• What you should do:
Output the lines of the records from the one containing "社会に苦手意識がありましたが" through the last, both ends included. Leave pictures out.

** Opening Material provided block **

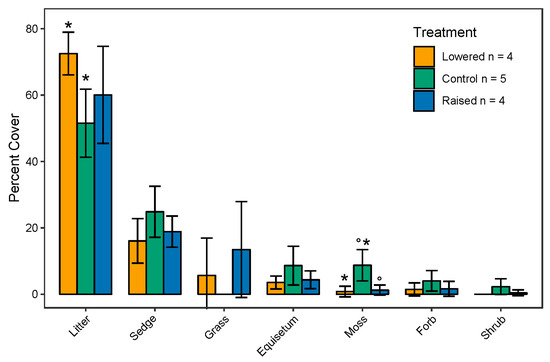 Results of APEX vegetation cover sampling. Bars represent the treatment mean. Error bars represent standard deviation. Percent cover was calculated for each PFT as a fraction of the total number of observations. Data were analyzed for statistical significance using a one-way ANOVA with a post-hoc pairwise means comparison for significant difference among treatments. Bars with the same symbol are significantly different from each other (ANOVA, p < 0.05).
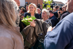 4月24日,法国极右翼政党“国民联盟”候选人勒庞(中左)在埃南-博蒙的一处投票站投票后向民众致意。新华社发(萨拉·阿勒卡莱摄)
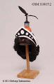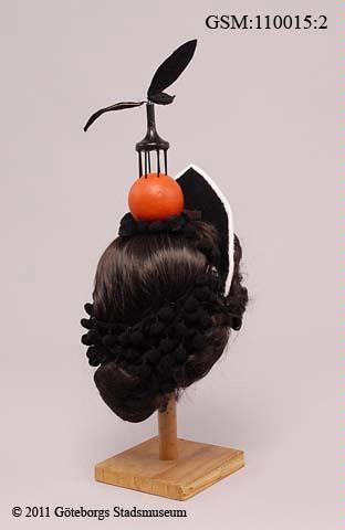 1a: Vinröd klänning i taft bestående av liv och påsydd kjol. Livet är figursytt med isydda skenor och kort ärm kantad med vit spets. Livet är kantat i vitt blankt tyg i nederdel som mitt bak bildar ett rektangulärt skört som går ner 22 cm över kjolen. Ryggstycket är delvis i svart och dekorerat med tio påsydda förgyllda löv i läder och vid ryggslutet två vita plastknappar. Livet knäppes mitt fram med hyskor och hakar men knäppningen döljs av ett bröststycke i blankt vitt som går upp mot halsen och även bildar en ståkrage. Kragen är kantad med svart spets och bröstlappen är kantad med vit spets, är dekorerad med en blomma och snedställda band i rött i applikationsteknik och horisontella påsydda band i svart spets. Kjolen är i vinröd taft med infälld front i svart taft. Fronten är dekorerad med cirkelornamentik i rött och kantad med vit spets och två vertikal rader av påsydda förgyllda löv i läder. Kjolen har en fast underkjol i tyll med en volang i nederkant av stärkt tyll i flera lager som ger volym åt kjolen. Underkjolen är kantad med vit spets som är synlig under den vinröda kjolen. Längd: 123 cm, ärmlängd: 26 cm. Märkning:Etikett från Göteborgsoperan: otydlig och med tusch på bomullsband: "Lind af Hageby, 3.e tavlan, förlorade sonen -03". 1b: Lös krage med rundbågig yttre kant med spets spänd över metallstomme. Har suttit fast på klänningslivets nack- och skulderparti. Där sömmarna som hållit fast kragen har suttit finns spår kvar i form av vita grova trådar, samt spår av sömmar. 2: Peruk i i brunt syntethår uppsatt med löst tvinnat sidohår och en samlad knut i nacken. Peruken är prydd med ett diadem i svart och vit tyg. Mitt på huvudet står ett torn med ett rött klot med en svart hög prydnad på prydd av svarta blad i tyg. Peruken har även prydnader av svarta tofsband. I nacken sitter ett brunt resår. I nacken sitter en företagslapp med "elura, blend, modacrylic fiber, USA & Japan" Personmärkning saknas.
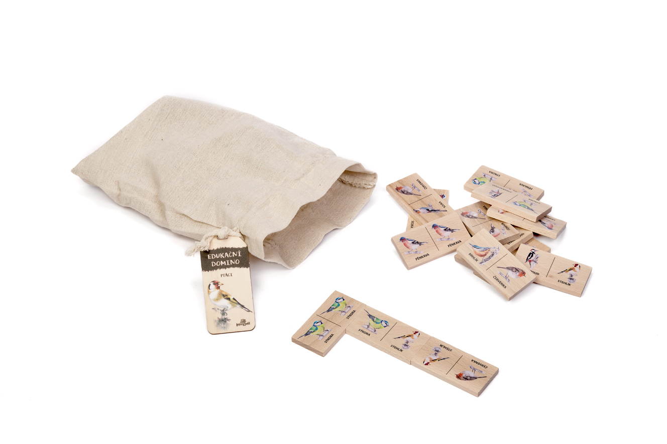 Domino vyrábí u nás v dílně české ruce z kvalitního českého certifikovaného dřeva. Balení obsahuje 28 dílků o velikosti 8 × 4 × 0,7 cm. Zabaleno v přírodním látkovém pytlíku. Autorem kreseb jsou čeští ilustrátoři, obrázky jsou chráněny autorskými právy. Domino zábavnou a hravou formou seznamuje děti i dospělé s přírodou. Druhy ptáků: pěnkava, stehlík, brhlík, sojka, červenka, sýkora, strakapoud. Lesní svět = značka s ekologickým certifikátem udržitelného hospodářství PEFC. Všechny výrobky jsou vyrobeny s ohledem na životní prostředí.
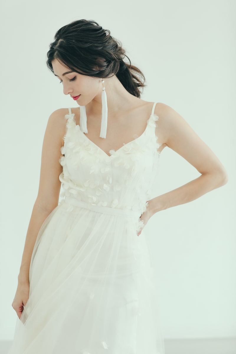 柔らかいチュールのスカートは軽やかで着心地もよく、また、花嫁様の動きに合わせて優しく風をふくみ豊かに表情が変わるので、さまざまなシーンで活躍してくれます。
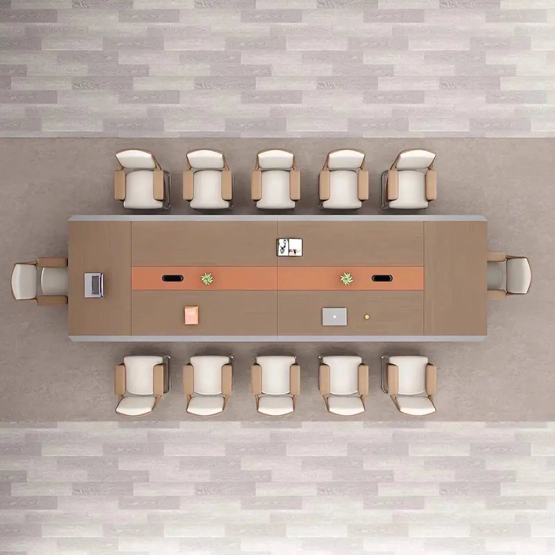 This conference table’s minimalist yet refined design focuses on both function and style, making it an excellent choice for large conference rooms or executive offices. It provides ample space for meetings while maintaining a professional, high-end aesthetic that suits modern office settings.
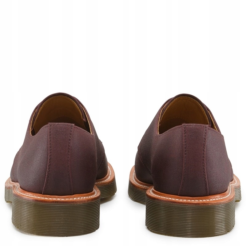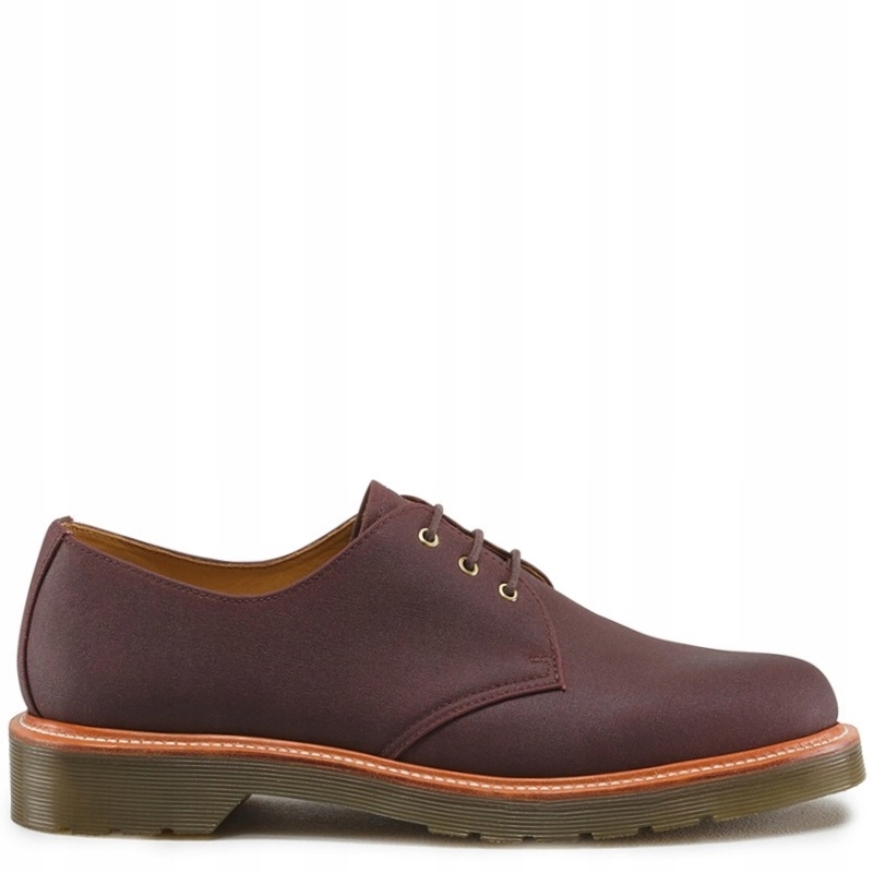 Классические туфли из коллекции обуви Dr. Док Мартенс. Строка #ЛЕСТЕР. Выполнена из плотного, пропитанного холста темно-бордового цвета (античная бычья кровь). Вощеные шнурки с металлическим наконечником, золотые люверсы для шнурков и элегантный кожаный ободок подчеркивают уникальность и изысканность этой модели. Кожаный салон и вставки. Подошва пришита к верху обуви с помощью знаменитой в этой модели легкой нити (технология Goodyear Welted). Подошва имеет так называемую характеристику обуви Dr.Martens. подушка безопасности.
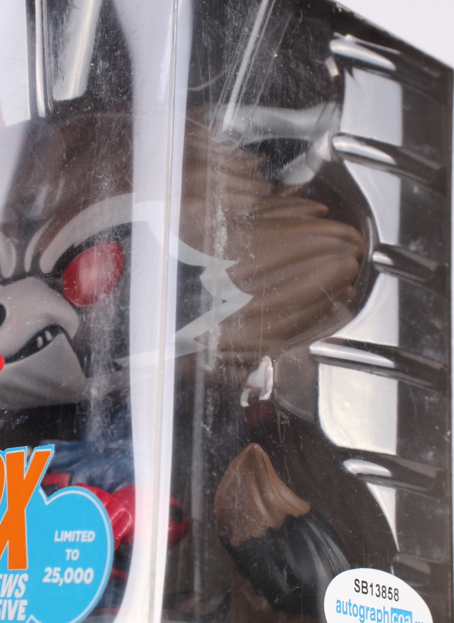 Vinyl figure measures approximately 4" tall and has been hand-signed on the packaging by Bradley Cooper (Rocket). This figure is limited edition numbered #/25,000. Please note, the box shows signs of handling and wear. See photos for details regarding the condition of the box.
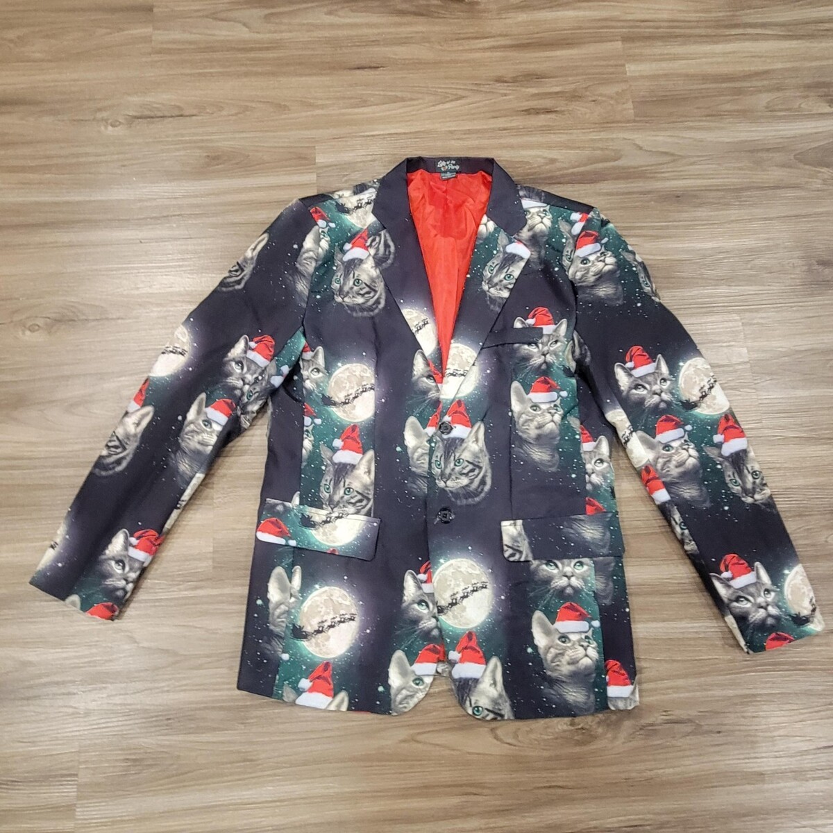 Life Of The Party Suit Mens Medium Cat Santa Christmas Light Up Jacket Pants
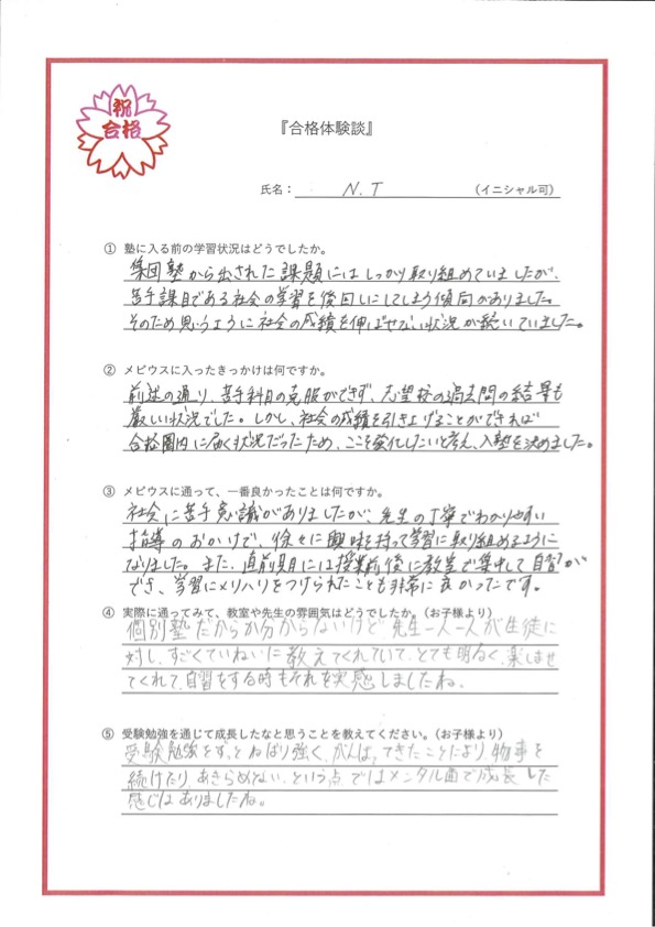 社会に苦手意識がありましたが、先生の丁寧でわかりやすい指導のおかげで、徐々に興味を持って学習に取り組めるようになりました。また、直前期には授業前後に教室で集中して自習ができ、学習にメリハリをつけられたことも非常に良かったです。
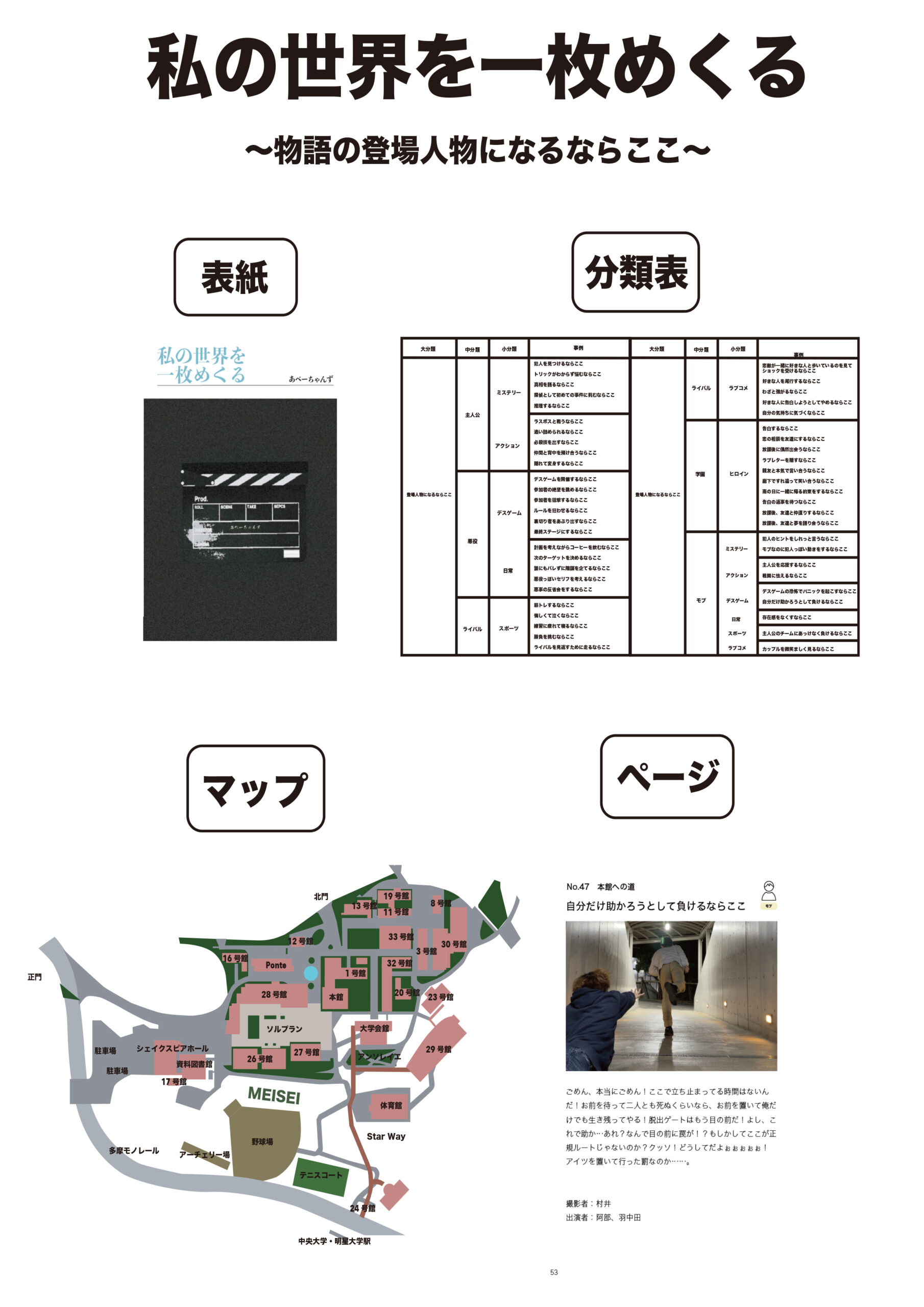 上の画像はこの授業の課題の「◯◯するならここ!明星大学ガイドブック」の企画パネルです。
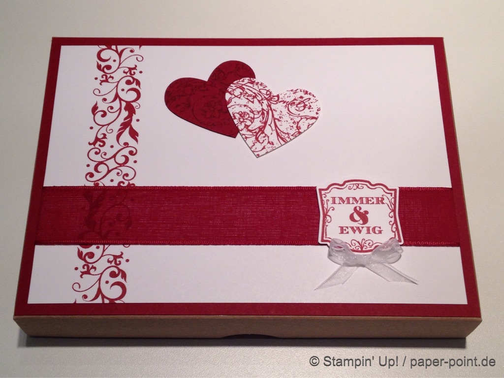 Heute möchte ich euch eine weitere Fotobox zeigen zeigen, diesmal in glutrot und flüsterweiß, wie ja die Überschrift schon verraten hat:
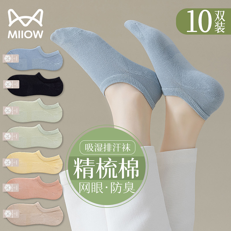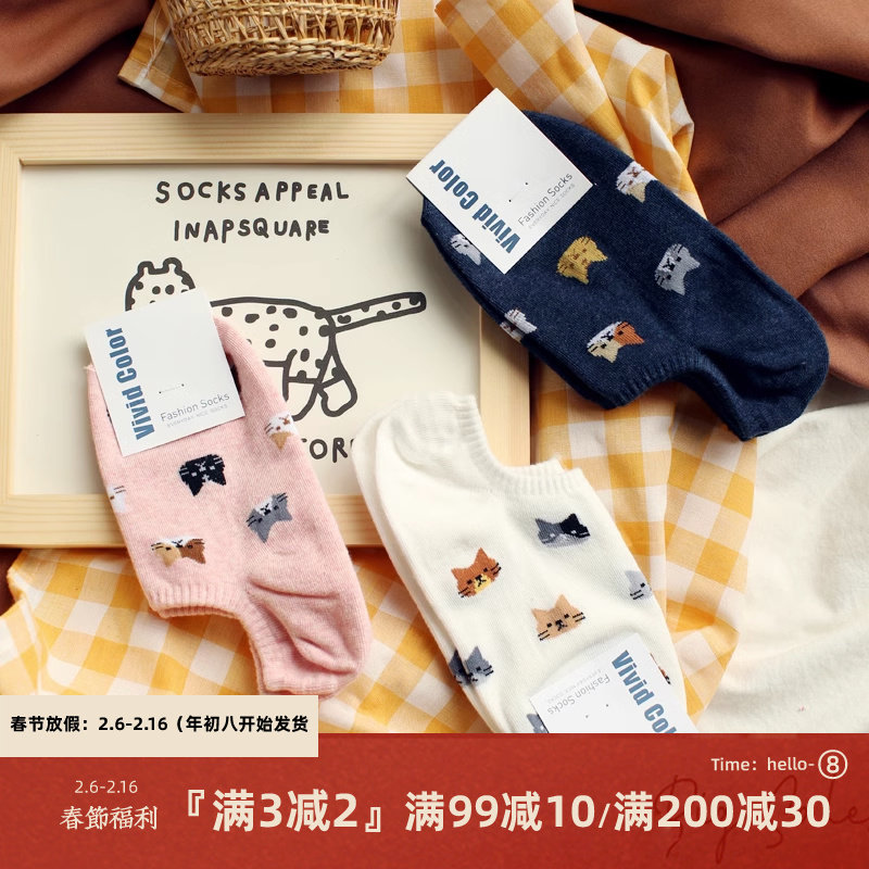 猫人袜子女士船袜纯棉秋冬季抗菌防臭防滑不掉跟隐形短袜女全棉

** Closing Material provided block **

• Response below:
 社会に苦手意識がありましたが、先生の丁寧でわかりやすい指導のおかげで、徐々に興味を持って学習に取り組めるようになりました。また、直前期には授業前後に教室で集中して自習ができ、学習にメリハリをつけられたことも非常に良かったです。
 上の画像はこの授業の課題の「◯◯するならここ!明星大学ガイドブック」の企画パネルです。
 Heute möchte ich euch eine weitere Fotobox zeigen zeigen, diesmal in glutrot und flüsterweiß, wie ja die Überschrift schon verraten hat:
 猫人袜子女士船袜纯棉秋冬季抗菌防臭防滑不掉跟隐形短袜女全棉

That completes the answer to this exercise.